430O - Different RNA expression profile defines prognosis in grade 1/2 neuroendocrine neoplasms of small intestine origin. The GETNE-NETSEQ study

Date 10 September 2017
Event ESMO 2017 Congress
Session Endocrine and neuroendocrine tumours
Topics Neuroendocrine Cancers
Endocrine Cancers
Translational Research
Presenter Jaume Capdevila
Citation Annals of Oncology (2017) 28 (suppl_5): v142-v157. 10.1093/annonc/mdx368
Authors J. Capdevila1, F. Mancuso2, S. Landolfi3, F. Salva4, C. Miguel5, P. Jiménez-Fonseca6, R. Garcia-Carbonero7, C. López López8, A. Casteras9, T. Sauri Nadal1, P. Nuciforo10, A. Vivancos2, I. Matos1
  • 1Medical Oncology, Vall d'Hebron University Hospital.
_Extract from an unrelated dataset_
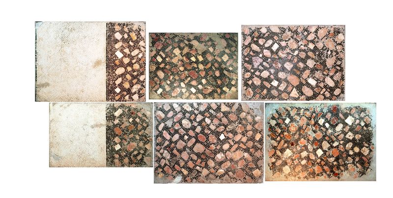Sei pannelli del mosaico della prima fase edilizia appartenuto all’ambiente G, aperto sul portico del giardino, aveva questo pavimento mosaicato a tessere bianche con al centro una stretta fascia a tessellato nero con fitti inserti di marmi venati e ciottoli fluviali bianchi e rossi screziati, disposti irregolarmente. In questa stanza fu rinvenuta la statua marmorea dell’atleta detto Palestrita (inv.2238).

Vall Hebron Institute of Oncology (VHIO), 08035 - Barcelona/ES
  • 2Cancer Genomics Group, Vall d´Hebron Institute of Oncology, 08035 - Barcelona/ES
  • 3Anatomic Pathology Department, Vall d'Hebron Hospital, 08035 - Barcelona/ES
  • 4Medical Oncology, Mataró Hospital, Barcelona/ES
  • 5Pathology, H. U. Central de Asturias, Oviedo/ES
  • 6Medical Oncology, H. U. Central de Asturias, 33011 - Oviedo/ES
  • 7Medical Oncology Department, University Hospital 12 De Octubre, 28041 - Madrid/ES
  • 8Oncology, Hospital Universitario Marqués de Valdecilla, Santander/ES
  • 9Endocrinology, Vall d'Hebron University Hospital, 08035 - Barcelona/ES
  • 10Molecular Oncology Group, Vall d´Hebron Institute of Oncology, 08035 - Barcelona/ES

Abstract

Background

Neuroendocrine neoplasms (NENs) are a heterogeneous group of tumors with different prognosis. Clinical and pathological factors are used to predict outcome but there are some patients that have a poor outcome even with good classical prognostic factors. We aimed to define a different RNA expression profile (EP) that could detect patients with worse prognosis and identify possible targetable new pathways.

Methods

We identified 48 paraffin-embedded archival tumor material of patients with metastatic grade 1/2 NENs of small intestine origin for RNAseq. We generated on average 66 million paired-end reads for each sample on HiSeq2500 (Illumina). RNAseq reads were mapped against the human reference genome (hg19) with Tophat (v2.0.14) and quantified using Cufflinks tools suite (v.2.2.1). 41 samples had sufficient quality to be included in the analysis. We used multivariate Cox proportional models to study the association between EP, clinical variables (gender, age, location of metastases, hormone production and Ki67 index) and overall survival (OS). We defined as poor outcome those patients that died within the first 3 years of the diagnosis of advanced disease.

Results

9348 transcripts were quantified. A gene signature of 329 transcripts was defined by a two-way statistical analysis between poor and long term survivors. A pathway enrichment analysis of these genes showed a deregulation in the poor prognosis group on the PI3KCA-Akt-mTOR and the Toll-like receptor signaling pathways. The hazard ratio (HR) for mOS defined by EP comparing poor and long term survivor groups was 0.33, 95% CI 0.1-1.1, p = 0.081 in the univariate analysis and HR of 0.05, 95% CI 0.005-0.51, p = 0.011 in the multivariate analysis.

Conclusions

We identified statistically different RNA-clusters and different deregulated pathways for those patients with advanced NENs of small intestine origin with poor prognosis. To our knowledge, this is the first time that Toll-like pathway is involved in the pathogenesis of NENs. These results are relevant as they may help improve the prognosis stratification of patients and involve novel targetable pathways of great clinical potential.

Clinical trial identification

Legal entity responsible for the study

Vall d’Hebron Institute of Oncology

Funding

Spanish Task Force for Neuroendocrine and Endocrine Tumors (GETNE)

Disclosure

All authors have declared no conflicts of interest.